Autoridad vs. autoritarismo

Durante los últimos años estamos observando la caída intencionada del autoritarismo, como una estrategia muy antigua que tiene por resultado su reconstrucción inmediata a través de la violencia bienvenida. Cada día somos mas “conscientes” de que los políticos, esos “representantes” de las autoridades, no son precisamente lo que incansablemente y durante los últimos milenios nos han dicho que son.

Desde la implantación del Judeocristianismo, han representado el papel de salvadores, nos han hipnotizado para hacernos creer que sin ellos no seríamos capaces de desarrollar una sociedad equilibrada, bella, divertida, placentera, animista…

Animismo

Desde ese punto de vista animista, que estamos estudiando desde hace más de cuatro años, hemos aprendido que el salvacionismo judeocristiano se ha empeñado en imponernos sus servicios aduciendo que no somos capaces de establecer acuerdos naturales entre nosotros. Con el transcurso de los siglos hemos desplazado nuestro autogobierno -el principio autorregulador que caracteriza a las sociedades orgánicas- a las instituciones. Así, ya no queda casi nadie que se cuestione la institución médica, por ejemplo, que tan claramente se observa que opera al servicio de las grandes empresas farmacéuticas.

La autoridad natural, aquella que se caracteriza por el paso de los años bien experimentados -la experiencia acumulada y dirigida al buen vivir-, ha sido dinamitada para la imposición de la “autoridad” patriarcal, la expresión máxima del autoritarismo.

Pues bien, durante los últimos años hemos ido asistiendo a una caída muy sospechosa del autoritarismo. Las propias autoridades nos están diciendo que no confiemos en ellas, los casos de corrupción trasladan la idea de que todo vale a nivel institucional (puesto que todo sigue igual), y eso provoca un cortocircuito en la endopsique. Estamos observando que este “todo vale” se traslada inmediatamente a la endopsique, provocando un “todo vale” en el sentir cotidiano de los ciudadanos, generando así un ambiente muy nocivo para las relaciones personales que provoca el paulatino aislamiento de cada uno de nosotros e impide nuestro desarrollo natural con los demás.

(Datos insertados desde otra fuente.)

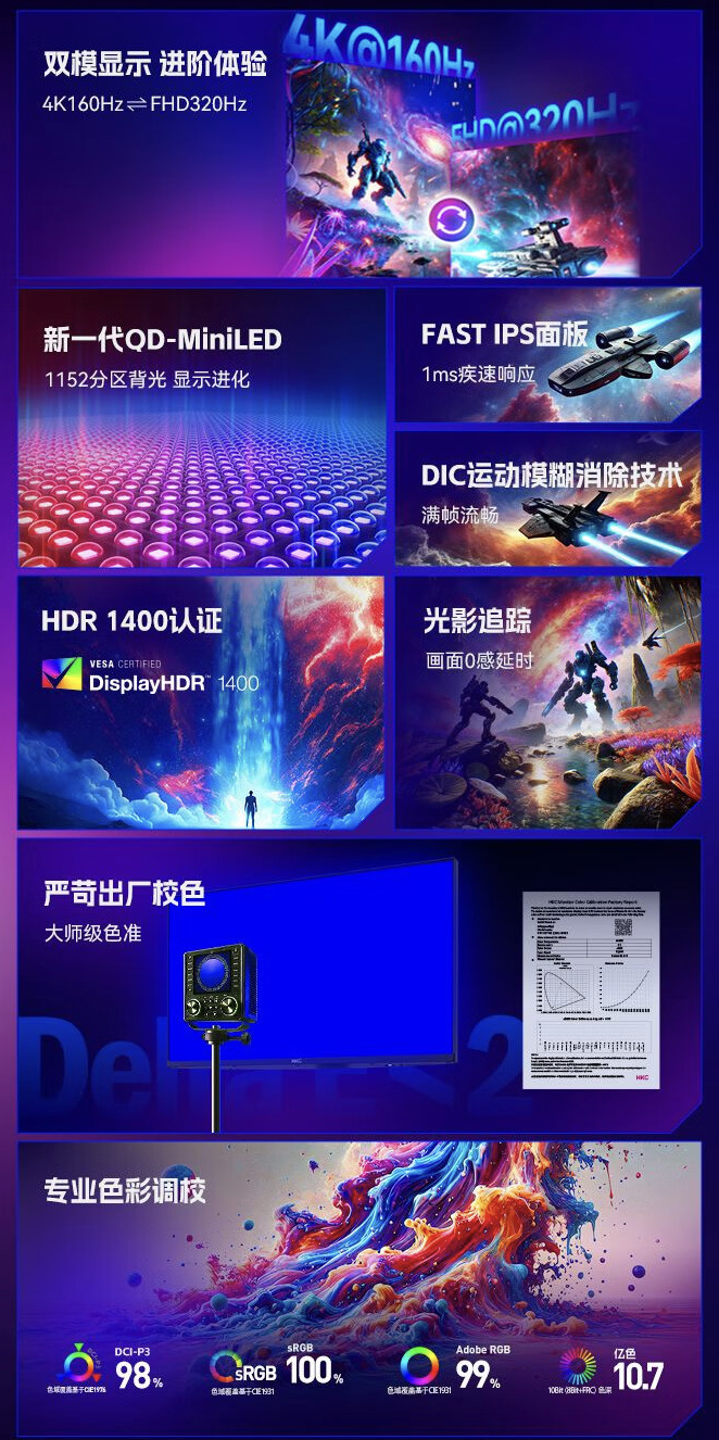 这款显示器配备的 QD-Mini LED 面板支持以 3840x2160 分辨率 160Hz 或 1920x1080 分辨率 320Hz 两种方式显示,其拥有 1152 分区背光,动态对比度 100 万:1,亮度 1400 尼特,支持 10-Bit 色彩(8-Bit + FRC),覆盖 98% DCI-P3、100% sRGB、99% Adobe RGB 色域。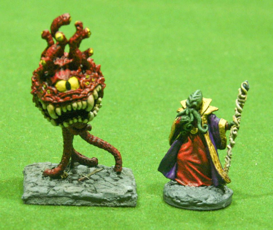 Al Illithiano le dí un tono verdoso para que estuviera en consonancia con Cthulhu, ya que es muy posible que lo use como sacerdote del Culto de Dagon en el futuro. El Beholder rojo es un clásico del D&D y ambos juntos una pesadilla para los jugadores  :bat

¡No vale todo! Se hacen necesarias una normas éticas naturales que nos sostengan ante el vacío generado por la “ausencia” de la autoridad patriarcal (autoritarismo). Sin este ejercicio corremos el riesgo de sentirnos sin control y con la necesidad de aplaudir cuando nos vuelvan a instalar de un modo violento la autoridad perdida, como ya ha ocurrido a lo largo de la historia en muchas ocaciones.

Podría citar algunos autores para el estudio de cuáles son las leyes naturales necesarias para la reconstrucción de una sociedad animista, no sin el ingente esfuerzo del establecimiento de los acuerdos necesarios entre los animales humanos para su consecución. En esta web hemos hablado de Wilhelm Reich, de Abraham Maslow, … y ahora quiero mencionar a Piotr Kropotkin y a Bronislaw Malinowski como dos estudiosos de las sociedades antiguas que recopilaron una información muy valiosa de cómo eran las buenas costumbres de nuestro pasado. Es posible que ahí podamos hallar algunas normas éticas que nos puedan sostener ante la caída malintencionada de la autoridad institucional.

La ética gaiana es el conjunto de aquellas buenas costumbres del pasado adaptadas a esta sociedad tan particular en la que nos desarrollamos hoy en día. Es indispensable esa adaptación que yo visualizo como un ejercicio lúdico a la luz del fuego nocturno, como símbolo de la regeneración, quemando lo nocivo y dando paso a lo vivo. Aquí la verdadera autoridad, aquella que viene de cada uno y no se delega en nadie, es nuestro guía.